Antes do agravamento do conflito, os cientistas sudaneses estavam depositando amostras no Global Seed Vault em Svalbard, Noruega, o banco genético do “dia do juízo final” que contém mais de 1.3 milhão de amostras de sementes de todo o mundo. Escavado profundamente no permafrost de um remoto arquipélago do Oceano Ártico, o cofre de Svalbard é um backup de último recurso para muitos dos cerca de 1,700 bancos genéticos do mundo – embora também enfrente a ameaça de mudança climática e a conflito.
Amostras mantidas em Svalbard foram usadas para reiniciar uma coleção realizada em Aleppo, na Síria, que teve de ser transferida por causa da guerra civil síria. Mas até agora, apenas uma fracção da colecção sudanesa foi armazenada em Svalbard. O restante precisa ser duplicado assim que puder ser movido para um local seguro, insiste Elsafy.
Expandir os esforços para proteger espécimes físicos e dados científicos é uma das várias recomendações que o Center for Science Futures do ISC recentemente destacado como uma forma de ajudar os sistemas científicos a sobreviver e a recuperar após conflitos.
Em 2023, a Academia Nacional de Ciências do Sudão apelou à solidariedade de cientistas de todo o mundo para ajudar os seus colegas em risco. O ISC também expressou profunda preocupação sobre os “impactos abomináveis” do conflito sobre os civis e o seu efeito catastrófico no sistema científico do país.
Os efeitos de mais de um ano de conflito no Sudão foram devastadores: mais de 100 universidades do Sudão foram destruídos ou danificados pelo conflito, incluindo todas as universidades do estado de Cartum.

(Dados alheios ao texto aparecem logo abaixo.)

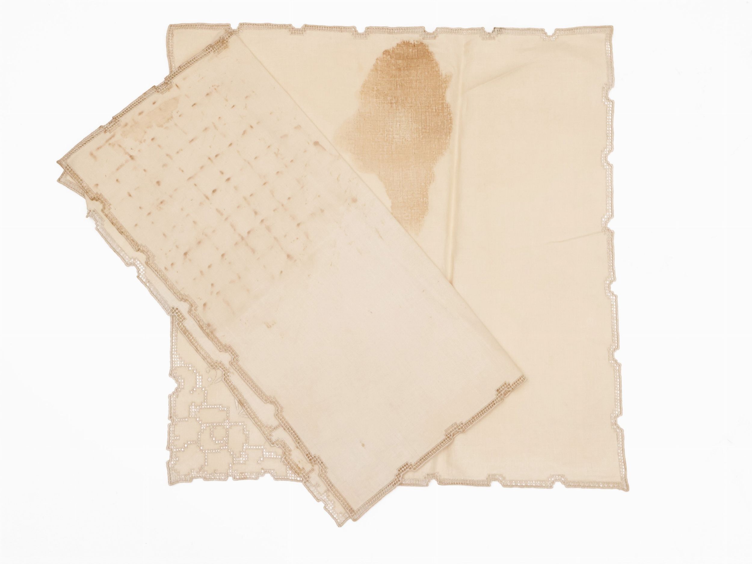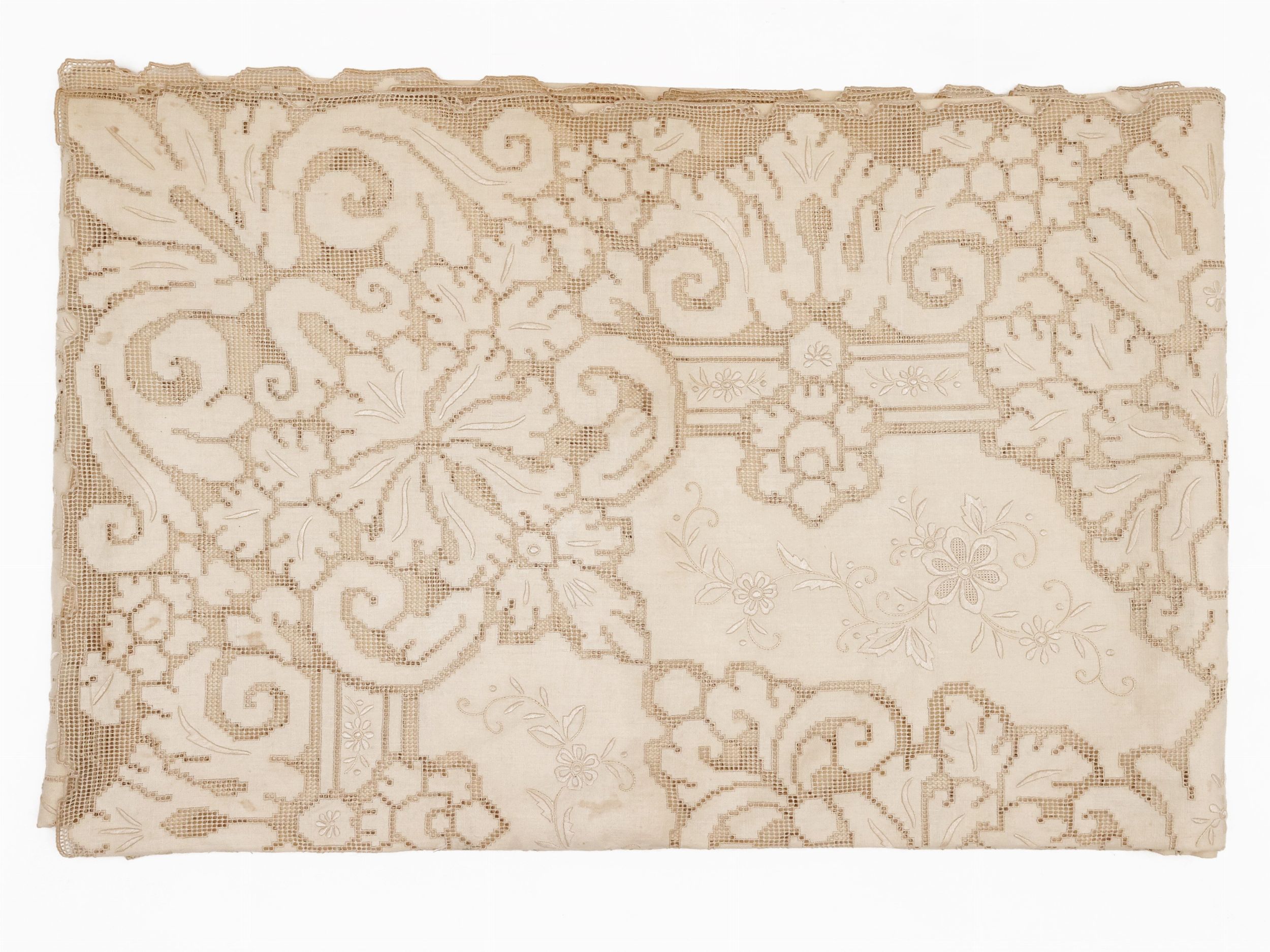 ricamata con la tecnica dello sfilato siciliano, alcune macchie, corredata da 10 tovaglioli
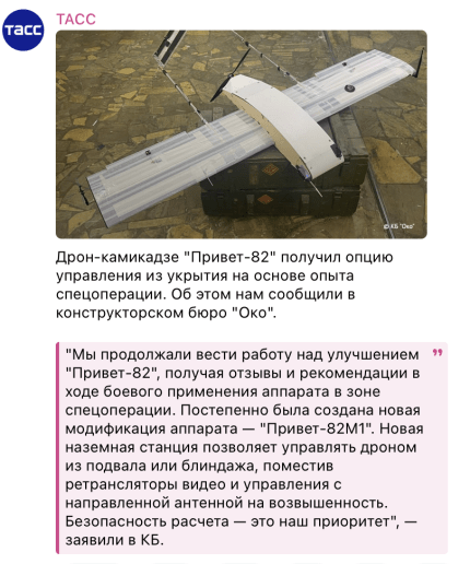 Мы продолжали работать над улучшением "Привет-82", получая отзывы и рекомендации во время боевого применения аппарата в зоне спецоперации. Постепенно была создана новая модификация аппарата - "Привет-82М1", - сообщили в конструкторском бюро.

Apenas nos primeiros três meses de guerra, mais de metade das escolas médicas do país foram atacadas, com quase três quartos saqueadas e muitas outras ocupadas e utilizadas como bases militares, de acordo com um relatório. estudo recente publicado em Conflito e Saúde.
O sistema científico do Sudão pode ser reconstruído, acrescenta Elsafy – mas primeiro, o conflito tem de acabar: “Trabalharemos arduamente para angariar fundos – e talvez tenhamos de começar do zero novamente para reconstruir isto. Mas eu não me importo. Não nos importamos”, diz ele. “O principal agora é: como podemos parar esta guerra?”
Imagem por CIAT/Neil Palmer on Flickr.